To point to a token one normally uses <tok>
, with one or more attributes, in three possible
configurations:
@val
or @rgx
alone: one or more tokens are
pointed to by value. For example, val = "bird"
, points to every occurence of the
token bird
; rgx = "b.+d"
finds every word that begins with a
b, ends with a d, and has some characters in-between. Every value of
@rgx
is
implicitly bound to the beginning and end of the string (see
below).
@pos
alone: one or more tokens are
pointed to by numerical position, via one or more digits, or the
phrase last
or last-
plus a digit, joined by
hyphens or commas. For example, 2, 4-6, last-2 - last
refers to the second, fourth, fifth, sixth, antepenult, penult, and
final tokens in a passage. The numerical value to which the keyword
last
resolves depends upon the context length.
@val
or @rgx
combined with
@pos
: a combination of the
previous two methods. For example, @val="bird" @pos="2, 4"
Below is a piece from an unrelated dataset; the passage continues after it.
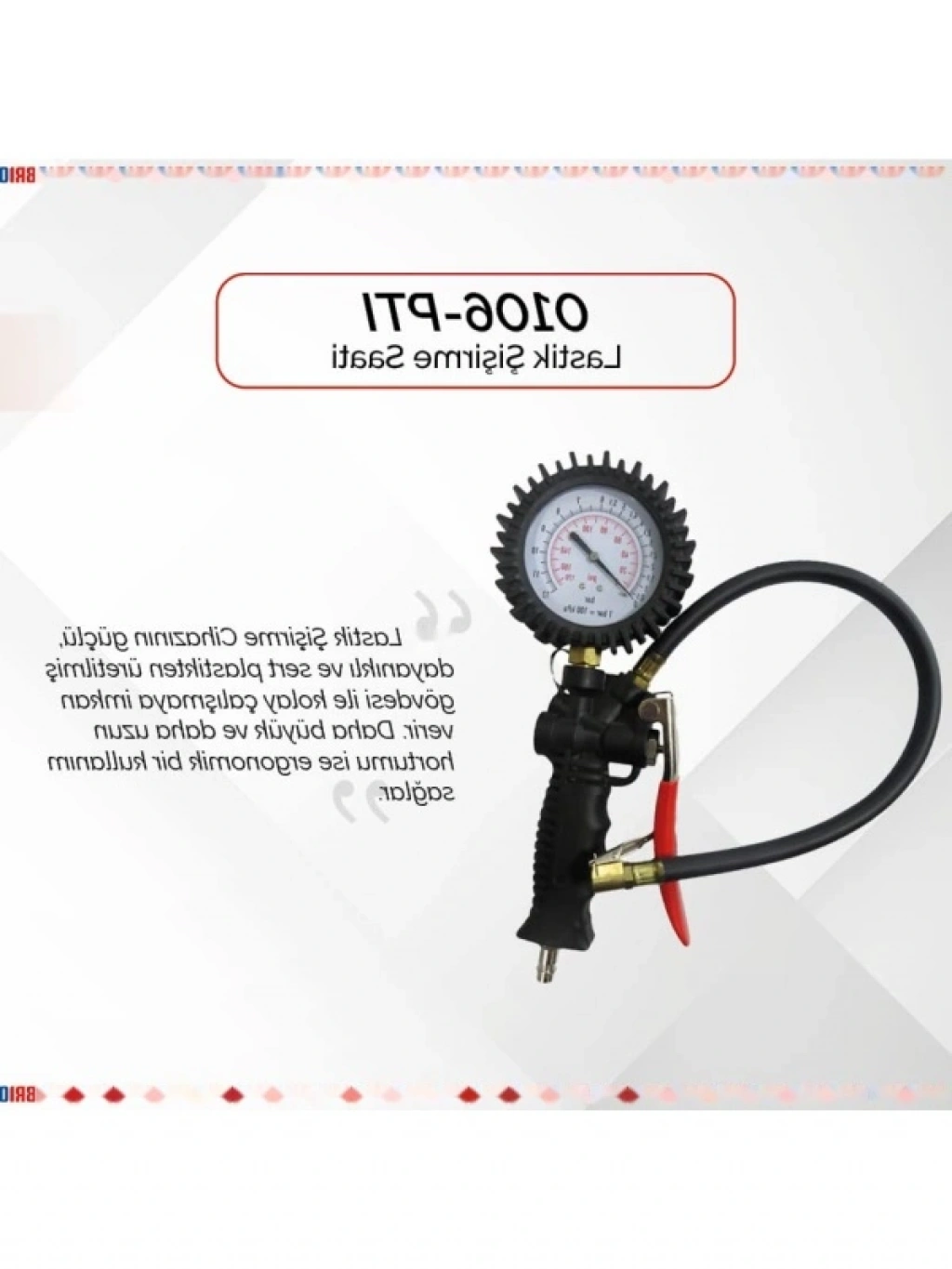 Bu lastik şişirme saati, darbeye karşı dayanıklı yapısıyla uzun ömürlü kullanım sunar. Lastiklerinizi kolayca şişirebilmenizi sağlayan bu ürün, pratik tasarımı ile dikkat çeker. Her türlü lastik bakımında güvenilir bir yardımcı olarak, hem profesyonel hem de amatör kullanıcılara hitap eder. Hızlı ve verimli bir şişirme deneyimi için ideal bir tercihtir.

picks the second and fourth occurences
of the token bird
.
During Schematron validation, if @pos
is missing, it is assumed to mean *
or
1 - last
; if neither @val
nor @rgx
appear, the assumption is @rgx
with value .+
(any characters). That is, by default, @pos
points to every instance and @val
/@rgx
to every token.
When using @pos
make sure
you know the context. For example, the attribute combination val="bird"
pos="last-1"
will produce an error if the token bird
does not occur at least two times in the given context.
It is advisable to use @val
or perhaps @rgx
, and not merely @pos
. If your source's text changes, and there is no
@val
, it may be
difficult to determine the original intent of a claim, to determine whether
changes need to be made. @val
is easier than @rgx
to
process in applications, particularly when compiling statistics or estimating
probabilities. Furthermore, @val
is generally speaking more efficient to process than is
@rgx
. A @rgx
is more efficient only if it
replaces numerous instances of @val
.
@rgx
is a regular
expression that must match an entire word-token. For example, @rgx="re.d"
will match the tokens
"rend" and "read" but will not match "already", "rends", or "bread". If you
wish to allow for characters at the beginning or end, use
".*re.d.*"
. For more on regular expressions, see the section called “Regular expressions”.
@chars
Individual letters are always specified by @chars
, which points to a
specific position, e.g., chars="2,
7, last"
. Combining characters are excluded from these counts; see
the section called “Combining characters”.